CarefulAI: Prompt-LLM Improvement Method (PLIM)

PLIM: an approach to ensuring the relationship between prompts and large language models is validated quickly and efficiently.

From:: Department for Science, Innovation and Technology
Published: 5 December 2024

Use case:: Natural language processing and generation and Virtual agents or artificial conversational interfaces
Sector:: Agriculture, Forestry and Fishing (SIC Code Section A), Mining and Quarrying (SIC Code Section B), Manufacturing (SIC Code Section C), Energy & Utilities (SIC Code Sections D & E) and Construction (SIC Code Section F)
Show 13 more
Retail (SIC Code Section G), Transportation & Storage (SIC Code Section H), Accommodation and Food Service (SIC Code Section I), Digital & Comms (SIC Code Section J), Financial and Insurance (SIC Code Section K), Real Estate (SIC Code Section L), Professional, Scientific & Professional Activities (SIC Code Section M), Administrative & Support Services (SIC Code Section N), Public Administration & Defence (SIC Code Section O), Education (SIC Code Section P), Healthcare & Social Work (SIC Code Section Q), Arts, Entertainment & Recreation (SIC Code Section R), and Other Services (SIC Code Section S)
Principle:: Safety, security and robustness
Key function:: R&D, Product and service development and Risk management
AI Assurance Technique:: Data assurance, Formal verification, Performance testing, Risk Assessment and Impact Assessment
Show 3 more
Impact Evaluation, Conformity Assessment, and Bias Audit
Assurance Technique Approach:: Technical, Procedural and Educational

Background & Description

When working with large language models (LLMs), accuracy is important. However, there is a lack of understanding of the co-dependency between LLM outputs and prompts. Existing LLM benchmarks do not specify this; they allude to historical accuracy scores on LLM benchmarks that may not be relevant to the end user. In addition, LLMs are usually dynamic in practice. Their behaviour is not static, but changes over time, and often cannot be explained by LLM providers. Users, therefore, can only partially depend upon LLM benchmarks. In practice, to make LLMs fit for purpose and safe, users are required to constantly test Prompt-LLM outputs for specific cases. This can be time-consuming.

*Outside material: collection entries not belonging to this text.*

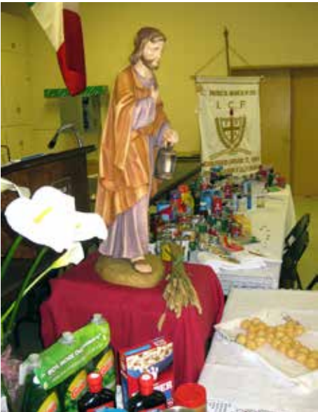
Branch 291 celebrated St. Joseph's Day at our March meeting with a beautiful St. Joseph's Table. All food was donated to St. Patrick's Outreach Program.
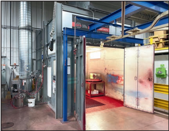
GFS 13' X 11' X 9'T PAINT BOOTH
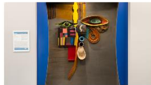
Pepe Mar The Traveling Eye 2021
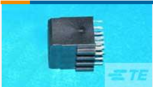
TE Part #1410270-2 MULTIGIG RT PWR .8" VRT RCP 4P PBF

CarefulAI’s approach to this is based on the discovery that by serving a model with a standard set of end user-specific examples of questions and answers—validated by the end-user community (with each prompt validated by a minimum of 3 subject matter experts/end users), the time taken to get acceptable answers is significantly reduced (tenfold). In addition to getting Prompt-LLM combinations that are deemed safe, the approach enables sector/subject matter prompt benchmarking against multiple models.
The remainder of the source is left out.